M. Casaroes note que Jair Bolsonaro espère éviter la prison pour pouvoir faire campagne, sans être candidat, lors des élections municipales prévues à l’automne, et conserver son influence au sein de l’extrême droite et du parti auquel il s’est associé.

Son objectif ultime, dit-il, est de placer si possible des membres de sa famille, dont ses fils, à des positions clés en vue d’un éventuel retour.

Jair Bolsonaro souhaite freiner du même coup l’ascension de politiciens de droite, comme le gouverneur de São Paulo, Tarcisio de Freitas, qui aspire à le remplacer comme figure dominante de la droite lors du scrutin présidentiel de 2026.

Gerson Scheidweiler Ferreira, un chercheur de l’Université York étudiant l’Amérique latine, note que l’affaire des bijoux passe très mal dans la population brésilienne, notamment parce que Jair Bolsonaro a toujours cherché à se dépeindre comme un politicien incorruptible.

S’il se retrouve en prison, ce sera un évènement très important sur le plan symbolique. D’autant plus qu’il avait paru très faible en cherchant à se réfugier aux États-Unis après les élections de 2022 [avant de rentrer en mars au pays].

Gerson Scheidweiler Ferreira, chercheur de l’Université York étudiant l’Amérique latine

James Green, un spécialiste du Brésil rattaché à l’Université Brown, juge que le politicien pourrait carrément décider de fuir à l’étranger plutôt que de risquer de se retrouver derrière les barreaux si les choses en arrivent là.

Sa situation est compliquée plus encore, dit-il, par la performance de son successeur, Luiz Inácio Lula da Silva, qui a réussi, après un début de mandat difficile, à faire passer plusieurs projets de loi comprenant des mesures sociales importantes pour la population.

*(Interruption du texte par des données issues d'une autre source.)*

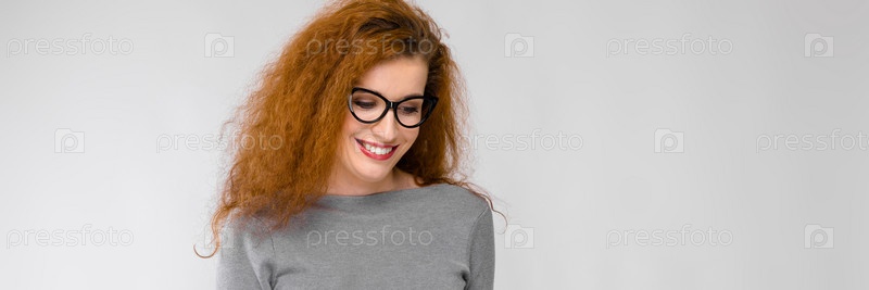 Красивая кавказская молодая девушка с красными губами и вьющимися волосами, смотрящая в камеру, стоящая в офисе на сером фоне и пишущая в буфер обмена

Les difficultés de Jair Bolsonaro, quoi qu’il arrive, ne signifient pas que l’extrême droite va disparaître, prévient M. Green.

« Le monstre est sorti de la boîte de Pandore et n’y retournera pas. Les gens d’extrême droite sont convaincus d’avoir le droit de dire tout haut ce qu’ils pensent et ils vont continuer », dit-il.

Jean Daudelin, un autre spécialiste du Brésil rattaché à l’Université Carleton, pense que Jair Bolsonaro n’a pas la même importance « symbolique » auprès de sa base électorale que l’ex-président américain Donald Trump chez les républicains américains.

« Il y a 20 à 25 % de la population brésilienne qui se dit ouvertement d’extrême droite. Bolsonaro va passer, il s’agit de voir si quelqu’un va pouvoir reprendre le flambeau du bolsonarisme », relève-t-il.